NAS resources can also be easily created using a Windows or NFS. The Windows version of the NAS reads AD (Active Directory) or NT domain information so the software can easily be integrated into an existing Windows network. Share modes include Samba, an NT domain mode, a domain controller mode, a server mode, or a single server mode, with or without AD. Storage can be added to organization units within AD, which means that the NAS functions can integrate easily into almost any network.
Benefits of the Blade
The SA200f blade has two 10/100/1000 Ethernet ports, which can use 802.3ad or IP-based trunking to provide one 2Gbps Ethernet connection. The blade also includes a 10/100 Ethernet management port and 10 1Gbps or 2Gbps FC ports, plus dual 2.4GHz Xeon processors, and 2GB of RAM standard, with up to 12GB supported. The SA200f provides the virtualization functions and is surprisingly mature for a first-generation product.
The SANCruiser application, meanwhile, offers an interesting topographical mapping function that does a good job of coherently representing a complex SAN topology. The interface includes switch-hardware management tools, such as real-time status of all ports, the SA200f blade hardware, and the SAN itself. SANCruiser can also notify administrators by e-mail if thresholds are crossed or problems occur.
To create volumes, administrators have an easy-to-use SAN resource wizard that can create LUNs (Logical Unit Numbers) as SAN resources, assign them to hosts, expand LUN sizes, and do backups via a raw device. Maxxan includes separate read and write cache capabilities, so a separate LUN can be designated as a SafeCache write cache, or a HotZone read cache. These caches improve replication performance over WAN links and allow for asynchronous mirroring.
Enabling snapshots for image backups requires a separate SAN virtual device to store the snapshots. Snapshot functionality includes a time mark, a very interesting feature that creates incremental snapshots so there's no need to restore an entire block device to get one file back.
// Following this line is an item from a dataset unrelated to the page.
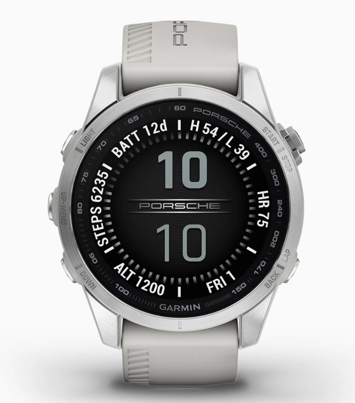 Uma fusão de funcionalidade e design inconfundível: o smartwatch multiesportivo GPS Garmin® com detalhes exclusivos da Porsche como epítome de desempenho e estilo – para atletas, aventureiros e qualquer pessoa com um estilo de vida ativo. Com memória de 32 GB, o smartwatch oferece um mostrador digital com dois mostradores personalizáveis individualmente: analógico clássico ou digital moderno. Além disso, pode ser configurado com o emblema da Porsche, letras ou 12 letras diferentes do veículo. O design deste must-have é caracterizado por uma elegante pulseira de silicone com letras Porsche e o emblema Porsche gravado a laser no botão Start/Stop. Combinando com os detalhes, a caixa em aço inoxidável escovado e sem revestimento tem uma borda preta. O belo display AMOLED de 1,2", feito de vidro safira resistente a arranhões, torna o smartwatch um companheiro durável. Além do design marcante, o smartwatch oferece uma gama impressionante de funções: desde monitoramento abrangente da saúde, como monitoramento de frequência cardíaca e saturação de oxigênio 24 horas por dia, 7 dias por semana, até registro de dados fisiológicos importantes, como status de treinamento, VO2máx e tempos de recuperação. Mais de 60 perfis de esportes e atividades ao ar livre e treinos animados apoiam um estilo de vida saudável e ativo. Graças aos dados inovadores do STAMINA, o treino pode ser otimizado e a fadiga evitada. Graças à tecnologia SatIQ™ e à recepção multifrequência, é possível registrar rotas e navegar com precisão. Além disso, o smartwatch é equipado com lanterna LED para maior orientação e segurança à noite e o sensor HR Gen5 de última geração. O controle bidirecional proporciona fácil acesso a todas as funções, tanto através da tela sensível ao toque eficaz quanto através dos práticos botões, que garantem uma operação confiável em qualquer situação.
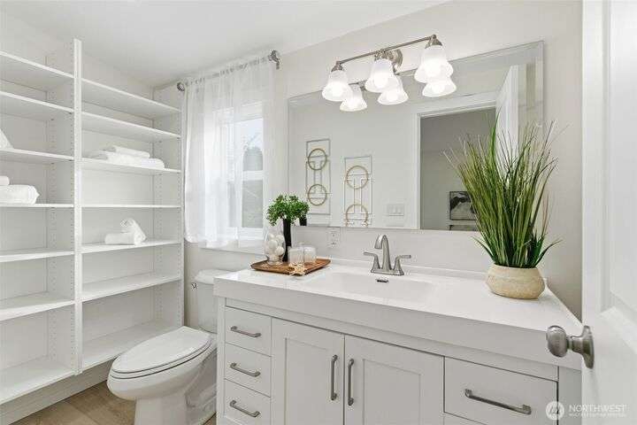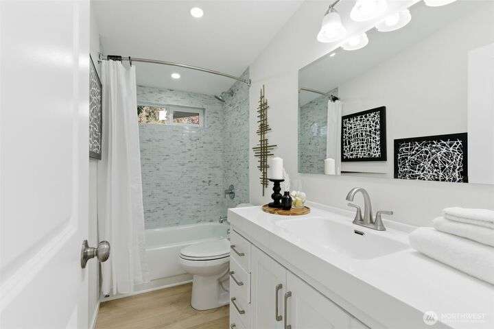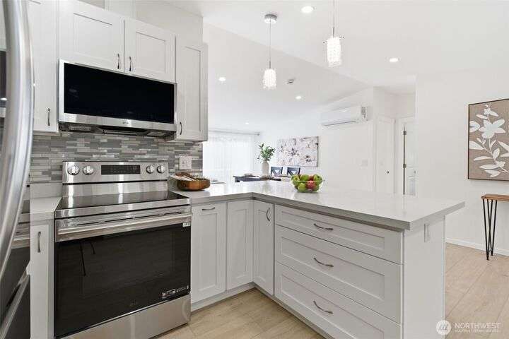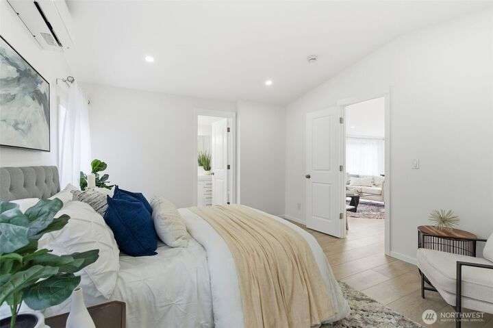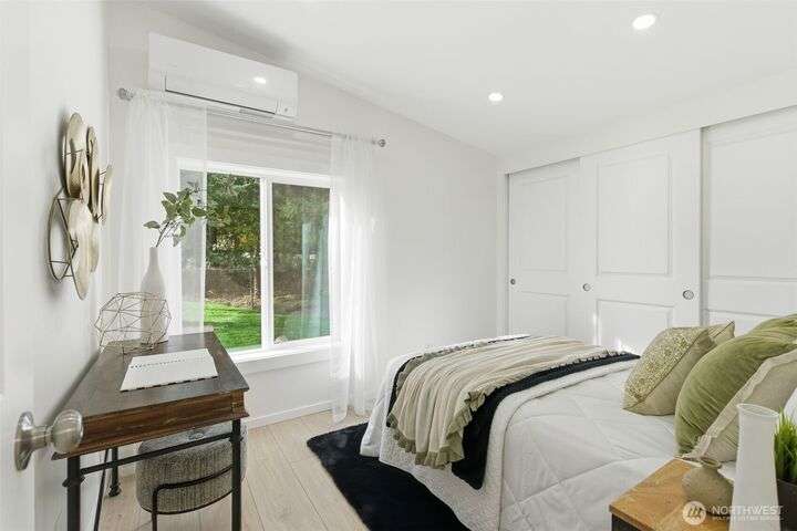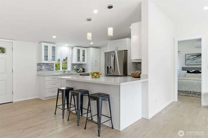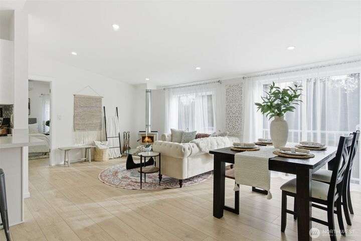 Remodeled to the studs & reimagined with modern style, this 3-bed, 2-bath home lives large. The bright, open floor plan invites you in, while cozy living areas & a well-appointed kitchen with high-end SS appliances offer space for entertaining & relaxation. A wood stove & 4-zone mini-split A/C provide year-round comfort. Just off the kitchen, find a convenient laundry area with California Closets® shelving. The spacious primary suite includes a full ensuite with built-in shelving, while two bedrooms & a second full bath complete the home. Outside, enjoy a large patio, new sod, Hardie® Plank siding, roof & vinyl windows. Automatic gated 4-car asphalt driveway adds privacy. Near Paine Field, Boeing, Mukilteo schools & shops. Welcome home!

The switch has a number of notable FC features, too. One is automatic promotion, used in the creation of zones, similar to Ethernet VLANs. If a switch port is added to a zone, the device attached to the port is also added so a device isn't accidentally added (or not added) to a zone. Another feature is rolling firmware upgrades, allowing upgrades to be done without downing the switch or losing storage device access.
The Maxxan MXV320 Intelligent Application Switch, in combination with the SA200f blade, provides virtualization that is potentially very useful, especially in multivendor SAN environments. The average price of $100,000 is fair, considering the switch's functionality and its extra virtualization and gateway features. Because the switch can make a remote storage device appear to be a locally attached raw FC device, distance and manufacturer become irrelevant -- just what’s needed to deal with the real world of multivendor devices.